Could you share the name of the book?
I'm just trawling for comments, as a reality check on whether it is possible to study philosophy in approximately this order.
As I've surely mentioned before, I find it a struggle to get through any books at all these days, so I'm likely to prove a slow pupil. This is somewhat maddening for me, and no doubt also will be for anybody who wants to enthusiastically recommend something for me to read.
Nevertheless, I'm trying to organise some sort of provisional list of philosophers to read (not yet at the level of individual works, although suggestions are welcome).

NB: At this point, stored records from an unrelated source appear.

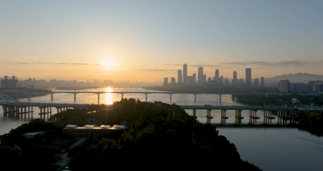 강 위의 다리와 도시 스카이라인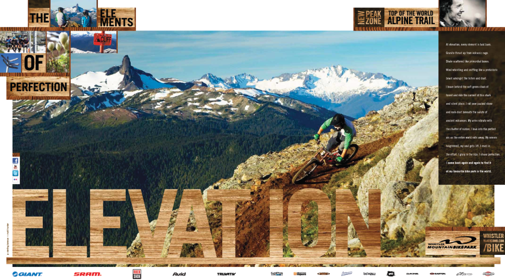 I was writing the copy for a series of ads for the Whistler Mountain Bike Park, that would pick up where last year’s Elements of Perfection campaign, written by Mike Berard and Origin Design and Communications creative director Danielle Kristmanson, left off.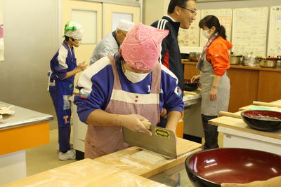 川前そば打ち研究会のお二人にお越しいただき、全員でそば打ちに挑戦しました。

I've been fairly flexible as to whom I consider to be "philosophers", although most of the names on the list are mainstream. Some names (Derrida, for example) are conspicuous by their absence; I can't do anything much about that at the moment, other than mentioning that I'm extremely averse to relativism of any kind. (Feyerabend is about as far as I'm willing to go in that direction at the moment.) Russell is absent, because I've read a fair bit of him over the years, although nothing recently. The names near the end of the list are included with reluctance, because I know they're important, and I must make an effort. I've put Nietzsche higher up the list than I'm emotionally inclined to do - someone I'm that averse to must be telling me something important.

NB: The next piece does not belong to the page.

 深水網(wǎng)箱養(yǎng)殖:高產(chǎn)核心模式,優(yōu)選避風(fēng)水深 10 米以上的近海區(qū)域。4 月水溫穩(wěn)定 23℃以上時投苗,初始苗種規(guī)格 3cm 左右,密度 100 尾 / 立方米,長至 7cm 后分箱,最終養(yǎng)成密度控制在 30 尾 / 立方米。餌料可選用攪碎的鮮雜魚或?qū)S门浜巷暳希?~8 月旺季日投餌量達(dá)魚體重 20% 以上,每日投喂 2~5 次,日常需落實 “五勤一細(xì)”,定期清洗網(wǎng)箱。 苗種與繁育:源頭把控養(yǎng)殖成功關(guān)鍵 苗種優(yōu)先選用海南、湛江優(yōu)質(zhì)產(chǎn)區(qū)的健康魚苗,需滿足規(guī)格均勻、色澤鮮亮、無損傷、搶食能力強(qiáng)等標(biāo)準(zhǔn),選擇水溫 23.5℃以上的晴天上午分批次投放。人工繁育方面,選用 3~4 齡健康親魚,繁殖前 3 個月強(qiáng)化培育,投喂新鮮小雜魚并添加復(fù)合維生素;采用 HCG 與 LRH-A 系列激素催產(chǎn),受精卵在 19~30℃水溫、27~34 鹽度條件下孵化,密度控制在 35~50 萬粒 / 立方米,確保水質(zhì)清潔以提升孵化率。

I know Heidegger is appallingly difficult, but I'm attracted to him (on a desert island I'd probably have to have Plato, Kant, and Heidegger), and attraction is going to be important, if I'm going to get through any of this lot at all!

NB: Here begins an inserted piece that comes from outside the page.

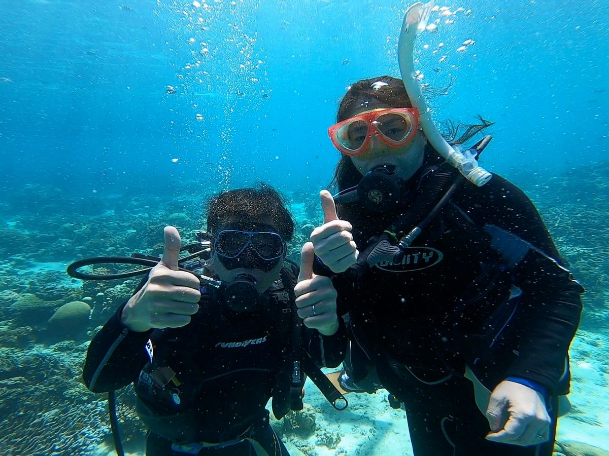夫婦で参加しました。天候に恵まれなかなか見れない魚もたくさん見れて、海の中は別世界。体験でここまで楽しめるなんて、本当に感動しました。何より、スタッフが一人づつついて、しっかりサポートしてくださったおかげで安心して体験ダイビングを楽しめました。

As general historical reading, I'm thinking of Tarnas, The Passion of the Western Mind. I haven't got the money to get Copleston's 11-volume history, nor am I likely to find the time and energy to read anything that big (although I know I should).
The bias towards Western philosophy is shameful; I just don't have any clear idea how to remedy it; also, of course, it is easiest to consolidate ideas which have already influenced me through the culture into which I was born.
The list is, of course, highly provisional, not yet intended to be taken with great seriousness. (The numbering started with (1), but then I had to promote some philosophers ahead of the rest, hence (0).)
Philosophers (0)
------------
Berkeley
Meister Eckhart
Heidegger
Mill
Plato
Schopenhauer
Philosophers (1)
------------
Chomsky
Descartes
Feyerabend
Fromm
Jung
Sartre
Philosophers (2)
------------
Bergson
Freud
Kant
Kierkegaard
Locke
Philosophers (3)
------------
Aquinas
Aristotle
Gabriel Marcel
Marx
Merleau-Ponty
Popper
Philosophers (4)
------------
David Bohm
Bradley
Emerson
William James
Marcuse
Nietzsche
Rousseau
Philosophers (5)
------------
Hegel
Hume
Husserl
Leibniz
Spinoza
Wittgenstein
Philosophers (6)
------------
Averroes
De Beauvoir
Hobbes
Machiavelli
Maimonides
Have you really tried to understand me?
Bertrand Russell is also quite important, especially his book "[Our] Knowledge Of The External [World]" because, compared to any other philosopher, he gets the best sense of thinking as motion, connected concepts, et cetera, and illustrates this using a coordinate graph mentality.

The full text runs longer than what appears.